THE FIFTH AND THE LAST UNIQUE DIFFERENCE: A MAN SPEAKS WHAT HE IS THINKING WHILE A WOMAN SAYS WHAT SHE IS FEELING
When a man speaks, he speaks with facts and conveys the direct information, most times he generally doesn`t talk much, because he is speaking what he is thinking. Women misunderstand this, because she is an “emotional feeler”, she evaluates both verbal and nonverbal communication. Sometimes she just thinks perhaps “oh this dude doesn`t like me that much and that is why he doesn`t want to talk much with me”. Most times, that`s wrong, a woman needs to understand that that`s how the man is wired.
 
A woman doesn`t always tell a man what she is thinking. If she becomes emotional, the man needs to be patient and work through her emotions to find out what she`s thinking. Sometimes, the man has to dig deep to find what is actually on her mind, because what a woman is thinking is often different from what she is saying. She would take a long time before she conveys her thought, because of her emotional feature. That`s why when they tell the man how their day went, they will speak for long instead of just mentioning the highlights of the day. Same reason goes when a lady gives a testimony in the church; her talk is always longer than necessary, she wants to be very detailed. A man needs to understand this feature and be patient with her when she talks.
 
Conclusively, men and women need to understand the above five distinct differences in their desires or needs. Because of the way they are designed, their needs are like a built-in component. When we focus only on our needs, and when we refuse to be content unless they are immediately met, we bring conflicts and unhappiness into our relationships. We stop seeing one another as gifts from God and starts resenting one another. You know what? If you want to be blessed, don`t focus on your needs only but discover what the other person`s needs are and seek to fulfill them.
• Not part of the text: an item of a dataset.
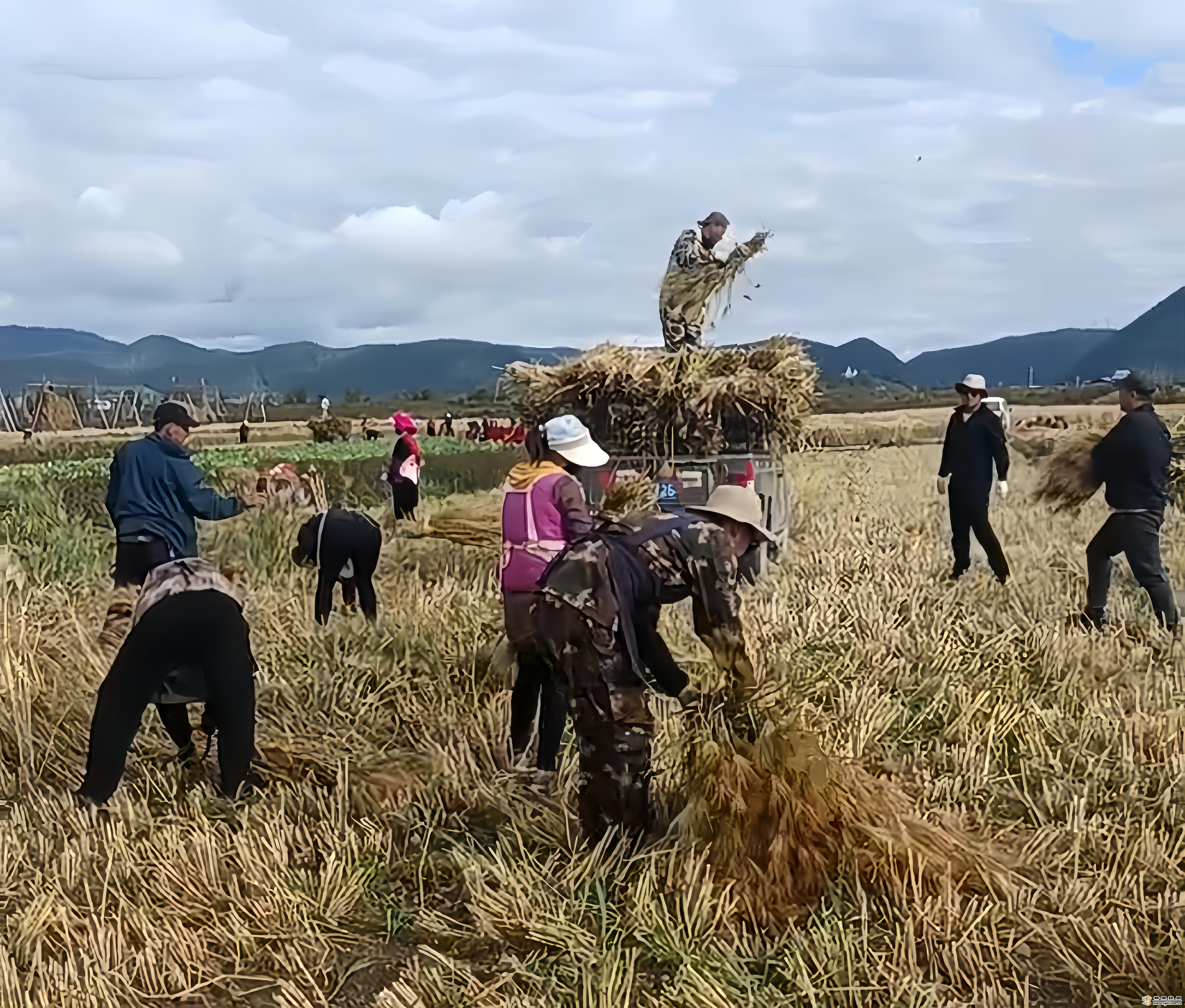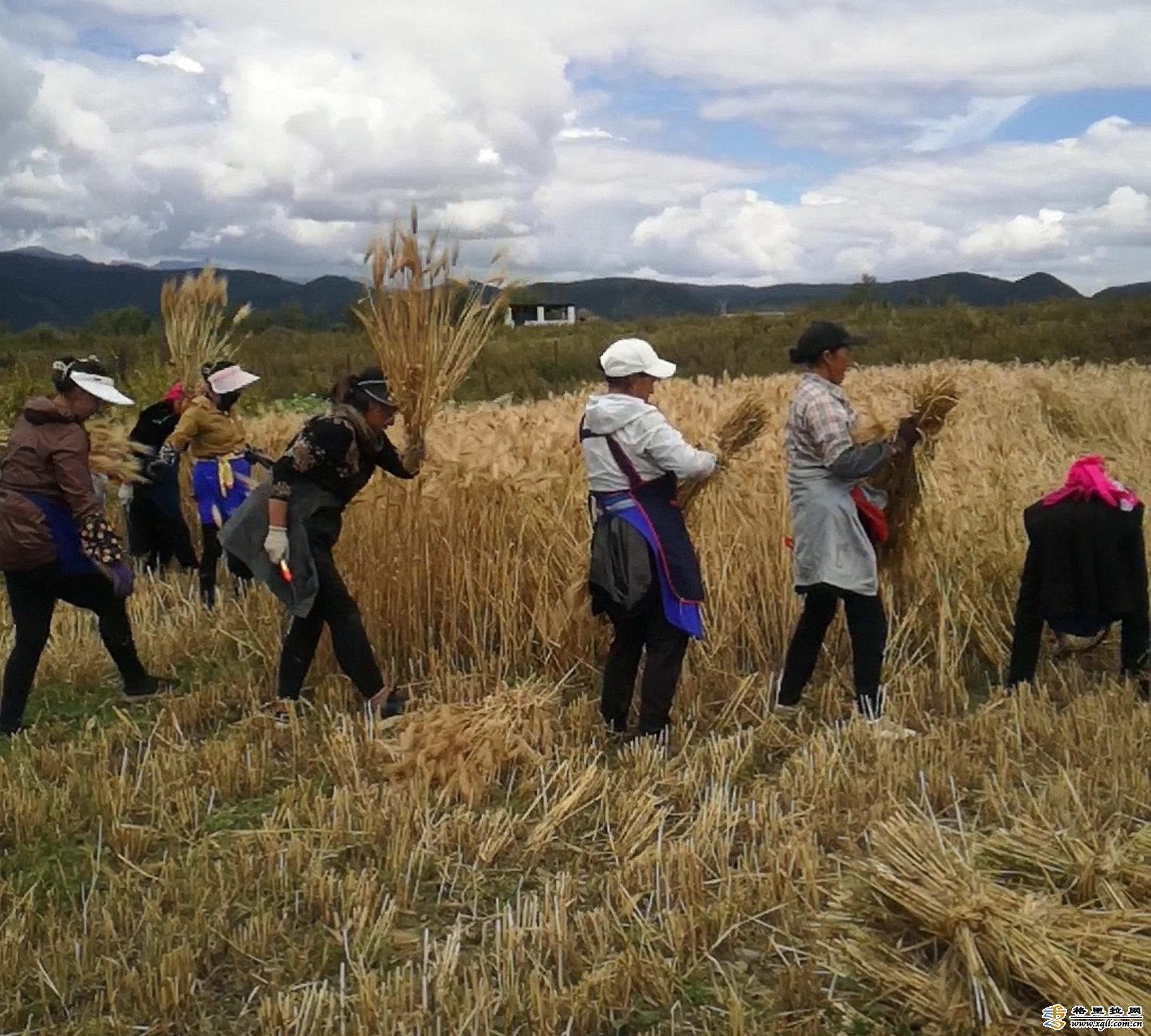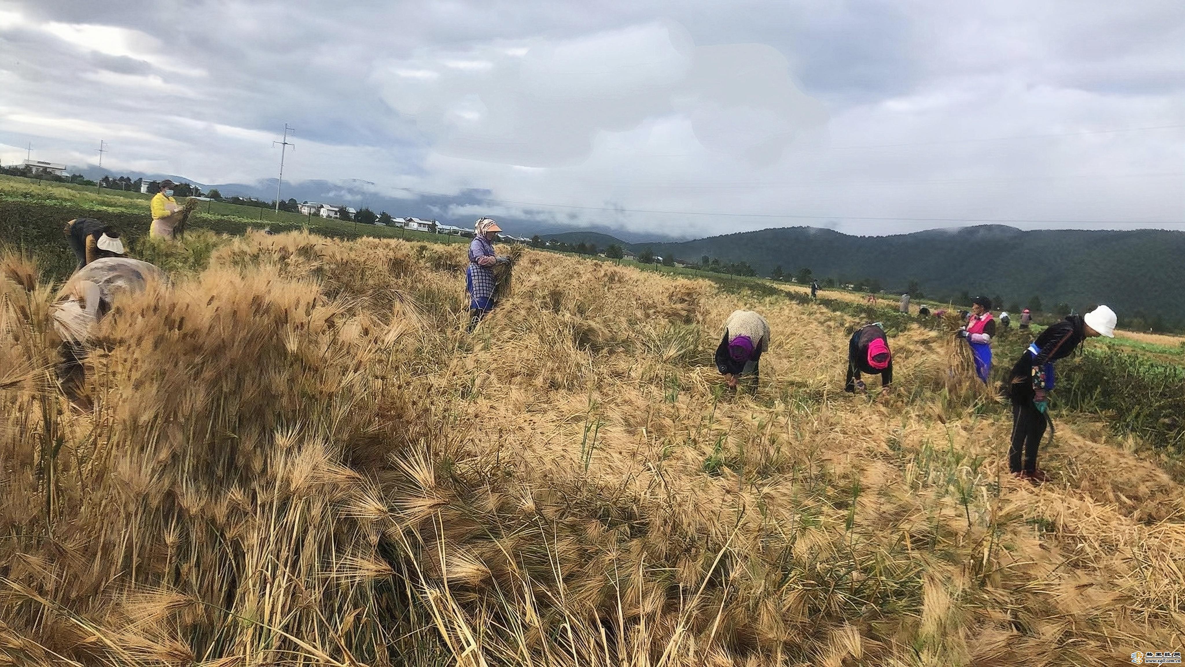 香格里拉市小中甸鎮(zhèn)聯(lián)合村青稞進入收割期,村民們臉上滿溢著收獲的喜悅開鐮收割、上架晾曬,田地間一派熱火朝天的繁忙景象。

This approach will become a double blessing, you know why? Because consistently meeting the needs of another person will often cause that person to want to fulfill yours, and you will both live happily together – just the way God wants it.
 
Remain blessed, and make that relationship, that marriage to work, let`s reduce or even stop totally conflicts and/or broken homes scenarios, for statistics have shown that the break down in a society is largely due to disintegrated or broken homes. It may surprise you that most of these boko haram boys, miscreants and touts in our society today are from broken homes.